Freakonomics — The Brandeis Ratio Explained

Continuation of previous posts on fixing inequality by taxing statistically with "the Brandeis ratio."

Read it at Freakonomics
An Inequality Tax Trigger: The Brandeis Ratio Explained
by Ian Ayres


Clonal said...

The proposed tax leaves much to be desired. It focuses on median income, and uses a multiple of the median income to determine the tax brackets (at least that is what I think I read) I would rather have the Brandeis ratio indexed to the minimum wage (or possibly, the average income of the bottom 10% of previous year's W-2 filings) See - W-2 Income Data

Look particularly at the income distribution of the bottom 10% and 20%

Lifting the median income does not automatically lift all boats as contended by the posted article.

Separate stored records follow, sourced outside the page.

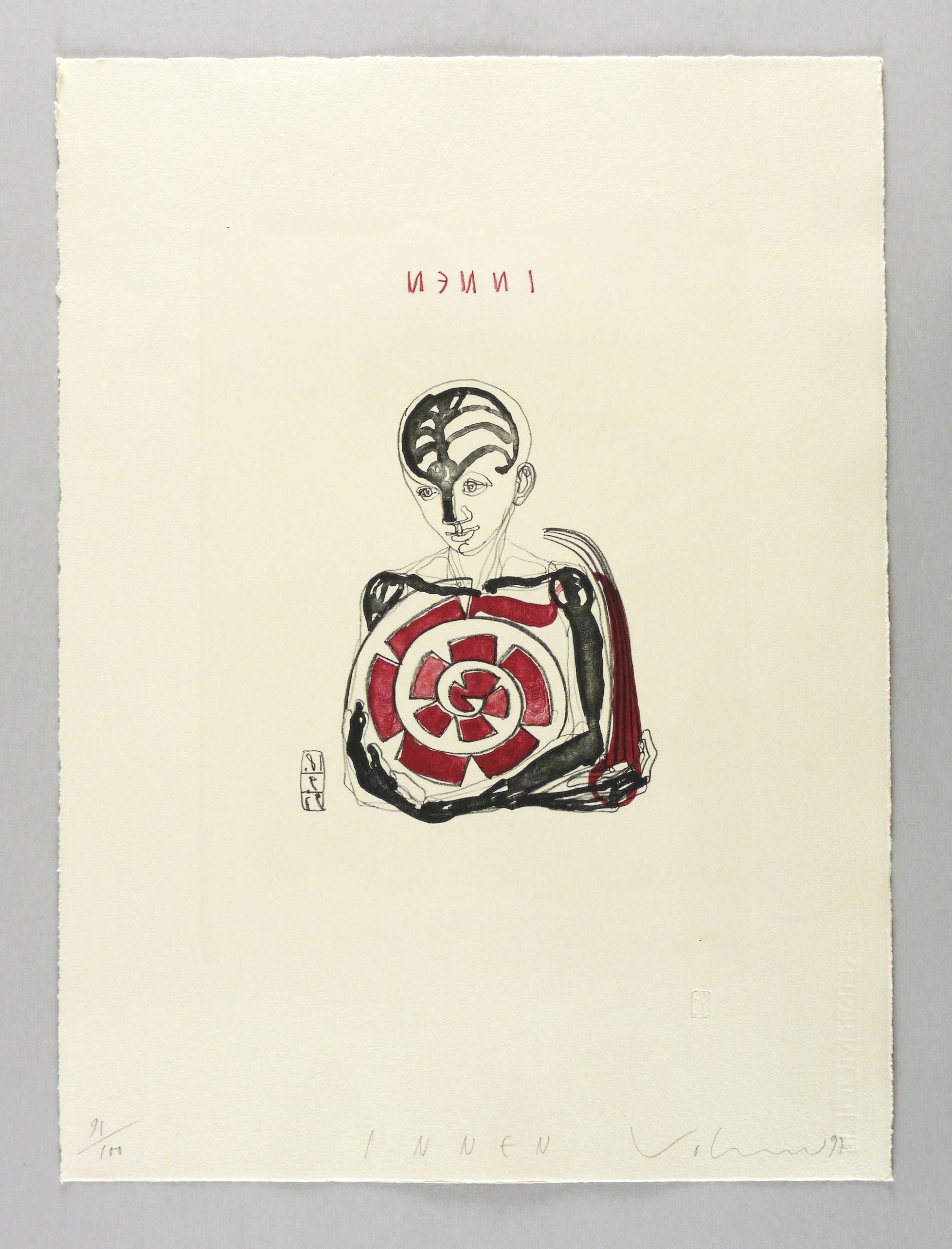 1997. Farblithografie / Kreide- & Pinsellithografie, in Dunkelrot & Schwarz, auf chamois Hahnemühle. – Originale Künstlergrafik, von Steffen Volmer. – Auflage Exemplar Nr. 91/100. – 26,4 x 17,1 cm (Darstellung / mit Schrift), 54 x 40 cm (Blatt).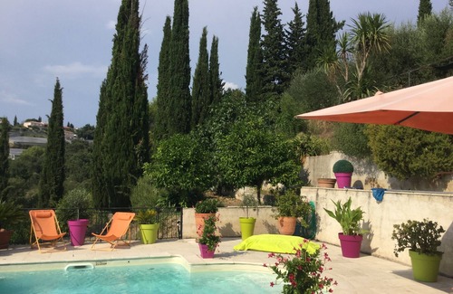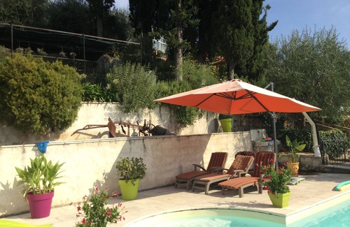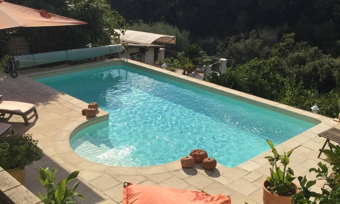 Nestled in a green setting, our bungalow is very luminous due to its south-west exposure. It is located in a large property with trees, especially olive trees and Mediterranean plants; the house is located at the end of the propriety. Self-catering, single storey, and cannot be overlooked from the outside. Furnished with style, the antique furniture is functional for the pleasure and the comfort of our guests who can also enjoy the equipped kitchen. There are two large terraces, one is equipped for relaxation and idleness, the other for a barbecue evening to enjoy your holidays. At happy hour, you may prefer to stay by the pool and relax in the serenity of the place. There is nothing you have to worry about. There is parking on the property. In 10 minutes, you can reach the tram station (parking is free of charge all day long) and the A8 motorway toward Antibes, Cannes Saint-Tropez, Monaco, Montecarlo, and Menton on one side, and Italy on the other. If you do not have a car, you can take the bus 2 minutes away from the property. You must know that in summer, in the Riviera many entertainment activities are held.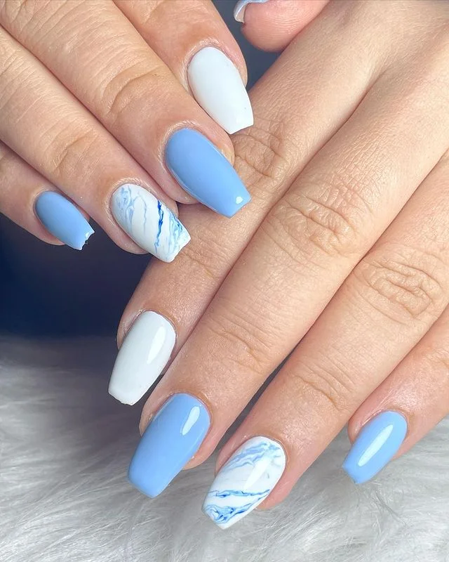 #9. Blue Swirl Nail Design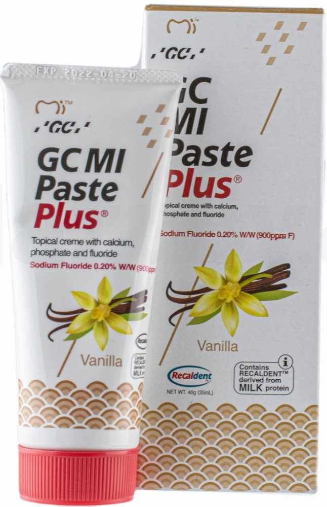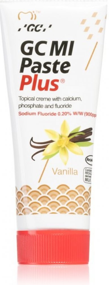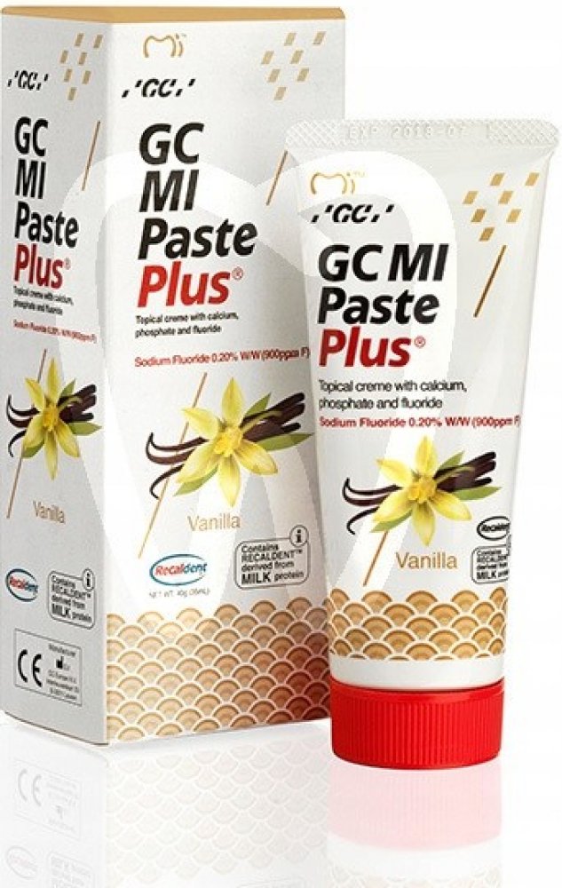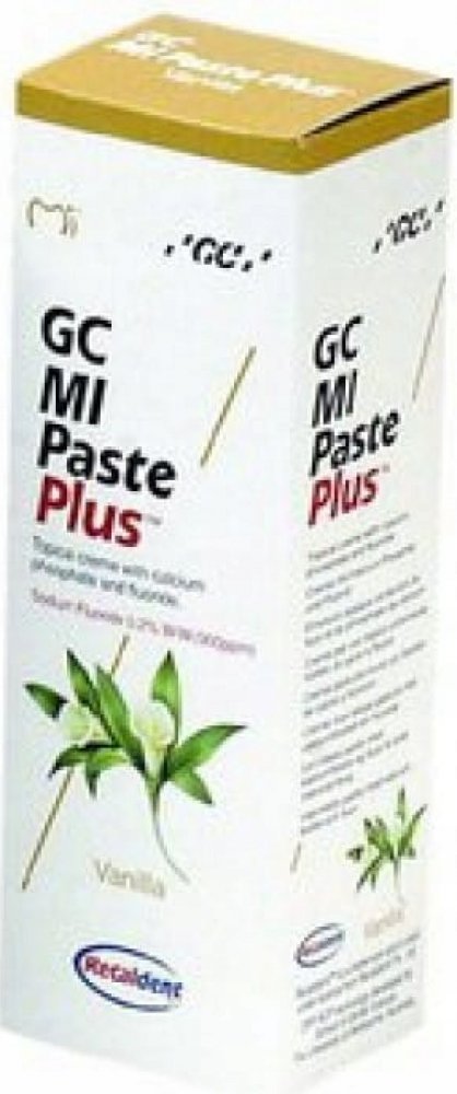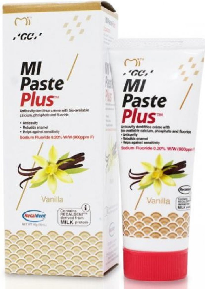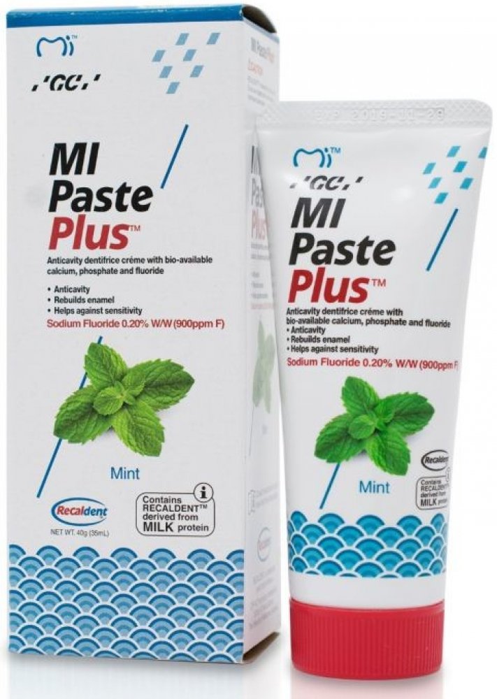 GC MI Paste Plus je topický dentální krém s obsahem vápníku, fosfátu a fluoridů. Používá se ke zvýšení pevnosti, odolnosti a zdraví zubů. Vhodné pro pacienty s rozsáhlým zubním kazem a zvýšenou abrazí zubů. Dodává zubům potřebné látky k remineralizaci povrchu zubů. Je velice účinný a zubaři také hojně doporučovaný, protože obsahuje RECALDENT™ (CPP-ACP), speciální protein získávaný z mléka, který pomáhá při nahrazování ztracených minerálů v zubech, takže jim zabraňuje v erozi a následném rozpadu.

Lifting the bottom 10% or 20% may well accomplish that.

Tom Hickey said...

Agree its too timid. Based on what was said in previous posts, it seems that they are taking a practical course that preserves the status quo and prevents inequality from worsening. It's already at the point that is resulting in social unrest and needs to be significantly reduced.

There is no way to have such a wide gap in wealth and income and not have a privileged class that is able to exert influence and even capture power. This is poisonous for liberal democracy, and there needs to be fundamental institutional change to correct it.

Clonal said...


Also, the tax brackets have to be reworked so that the top brackets approach the levels they were at in the 1950's. The brackets have to be adjusted on the basis of CPI adjusted W-2 wages for the bottom 20%. This would also have consequences for adjustments to the legal hourly minimum wage.

Tom Hickey said...

Clonal, I would start with the floor wage/benefit as price anchor and work from there in multiples. For tax purposes, I would also distinguish economic rent from both income from production and also return on direct investment, and I would also distinguish between ownership of real and financial assets.

In a capitalistic society there has to be a balance between maintaining wealth and income equality and incentivizing capital formation.